To kick things off, I find the files. Then I try to figure out which files are in the source directory but not in the destination directory. Those are the ones I need to process. The code goes something like this:

doStuff, the initial version
  1. let doStuff (opts:RipProcessedPagesProgramConfig) =
  2.     let sourceDir = new System.IO.DirectoryInfo(opts.sourceDirectory.parameterValue)
  3.     let filesThatMightNeedProcessing = sourceDir.GetFiles()
  4.     let targetDir = new System.IO.DirectoryInfo(opts.destinationDirectory.parameterValue)
  5.     let filesAlreadyProcessed = targetDir.GetFiles()
  6.     let filesToProcess = filesThatMightNeedProcessing |> Array.filter(fun x->
  7.         (filesAlreadyProcessed |> Array.exists(fun y->x.Name=y.Name)
  8.         )
  9.     )
  10.     // DO THE "REAL WORK" HERE
  11.     printfn "%i files to process" filesToProcess.Length
  12.     ()

So I plopped this code into a couple of apps I’ll code later, then I went to work on something else for a while. Since it’s all live — but not necessarily visible to anybody — a few days later I took a look to see if the app thought it had any files to process.

It did not.

Now, of course, I can see that my Array.filter is actually backwards. I want to take the filesThatMightNeedProcessing and eliminate the filesAlreadyProcessed. What’s remaining are the filesToProcess. Instead, I check to see if the second set exists in the first.
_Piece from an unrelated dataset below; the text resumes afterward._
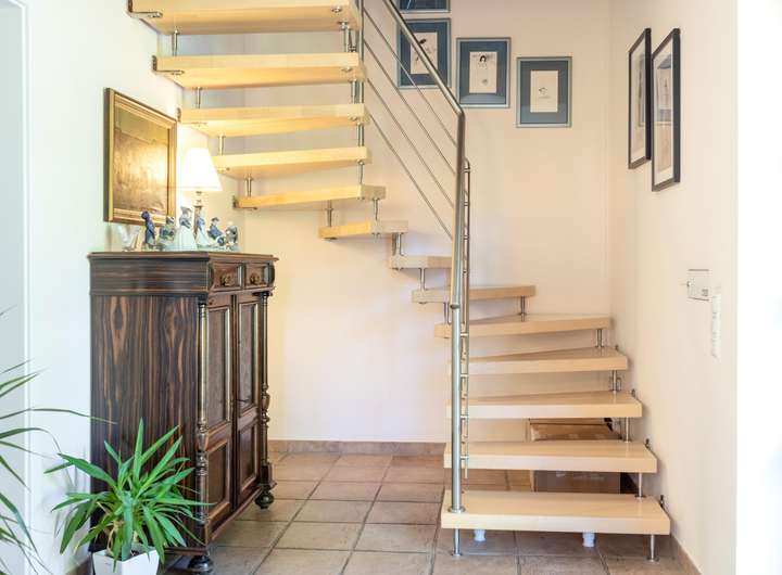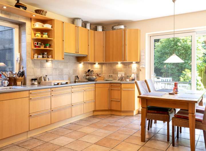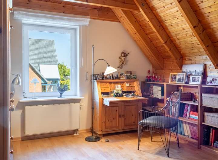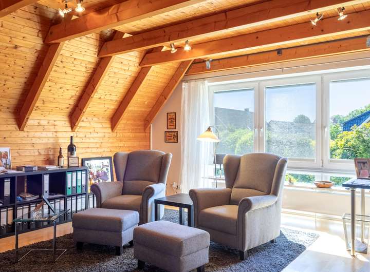 Dieses moderne und sehr gepflegte Architektenhaus aus dem Jahr 2003 bietet auf ca. 211 m² Wohnfläche ein durchdachtes Wohnkonzept für Menschen mit Anspruch an Design, Funktion und Raumgefühl. Auf einem ca. 960 m² großen Grundstück in ruhiger, angenehmer Nachbarschaft überzeugt das Haus mit klarer Architektur, hochwertiger Ausstattung und großzügiger Raumaufteilung. Dank seiner durchdachten Raumaufteilung und vielseitigen Nutzungsmöglichkeiten bietet dieses Haus den idealen Rahmen für Familien, Paare sowie für die Kombination von Wohnen und Arbeiten unter einem Dach. Bereits beim Betreten der Diele mit ca. 2,60 m Deckenhöhe fällt der offene, helle Charakter des Hauses auf. Von hier führt die freitragende Kenngott-Treppe ohne Wangen ins Obergeschoss, wo sich vier großzügige Wohnräume und ein geräumiges Vollbad befinden. Über eine Spindeltreppe gelangen Sie weiter ins ausgebaute Dachgeschoss – ein echtes Highlight der Immobilie: Hier erwarten Sie eine hochwertige Klafs-Sauna, ein Fitnessbereich sowie zusätzliche Fläche zur individuellen Nutzung. Im Erdgeschoss überzeugt der offene Wohn-/Essbereich mit einem modernen Biofire-Kachelofen, Gäste-WC und hochwertig verlegten Fliesen im Fugenschnitt. Drei Terrassen – eine davon überdacht – sowie eine großzügige Rasenfläche mit Gartenhütte schaffen beste Voraussetzungen für entspannte Stunden im Freien. Abgerundet wird das Angebot durch zahlreiche hochwertige Details wie eine Gasheizung aus 2021, Kupferverkleidungen an Gauben und Schornstein, einer Aufsparrendämmung, Glasfaseranschluss sowie einen praktischen Doppelcarport direkt am Haus. Ein Haus mit Charakter, Komfort und klarer Linie – ideal für Familien oder Paare mit Platzbedarf und Stilbewusstsein.

It does not, so the program never thinks there is anything to do. Instead of Array.exists, I really need something like Array.doesNotExist.

So is this a bug?

I’m not trying to be cute here, but I think that’s a matter of opinion. It’s like writing SQL. I described a transform. The computer ran it correctly. Did I describe the correct transform? Nope. But the code itself is acting correctly. I simply don’t know how many files might need processing. There is no way to add a test in here. Tests, in this case, would exist at the Operating System/DevOps level. So let’s put off testing for a bit, because it shouldn’t happen here. If your description of a transform is incorrect, it’s just incorrect.

So I need to take one array and “subtract” out another array — take all the items in the first array and remove those items that exist in the second array. Is there something called Array.doesNotExist?

No there is not.


Ok. What kind of array do I have? Intellisense tells me it’s a System.IO.FileInfo[]
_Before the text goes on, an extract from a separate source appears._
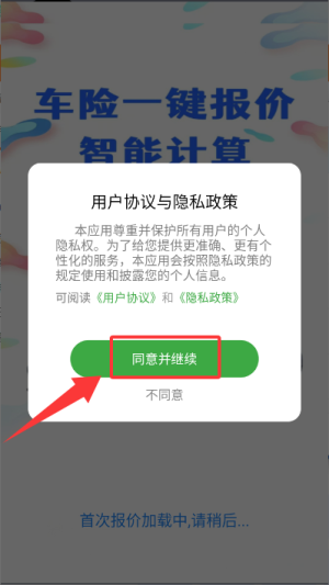 1. 开启车险相关软件,于用户协议与隐私政策弹出窗口里点击“同意并继续”。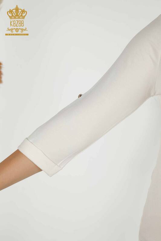 Hurtownia bluzek damskich z dekoltem w kształcie litery V, haftowanymi kamieniami w kolorze ecru - 79309 | KAZEE

My first thought: this cannot be something that nobody else has seen. I’m not the first person doing this. This is just basic set operations. So I start googling. After a while, I come across this beautiful class called, oddly enough, “Set”. It’s in Microsoft.FSharp.Collections Damn, it’s sweet-looking class. It’s got superset, subset, contains, difference (which I want). It’s got everything.

So, being the “hack it until it works” kind of guy that I am, I look at what I have: an array of these FileInfo things. I look at what I want: a set. Can’t I just pipe one to the other? Something like this?

2014-09-15 fsharp 1

What the hell? What’s this thing about System.IComparable?

In order for the Set module to work correctly, it needs to be able to compare items inside your set. How can it tell if one thing equals another? All it has is a big bag of whatever you threw in there. Could be UI elements, like buttons. How would you sort buttons? By color? By size? There’s no right way. Integers, sure. Strings? Easy. But complex objects, like FileInfo?

Not so much.

As it turns out, this is a common pattern. In the OO world, we start with creating a type, say a Plain Old Java Object, or POJO. It’s got a constructor, 2 or 3 private members, some getters and setters, and maybe few methods. Life is good.

But then we want to do things. Bad things. Things it was never meant to do. Things involving other libraries. Things like serialize our object, compare it to others, add two objects together. It’s not enough that we have a new type. We need to start flushing out that type by supporting all sorts of standard methods (interfaces). If we support the right interface, our object will work magically with people who write libraries to do things we want.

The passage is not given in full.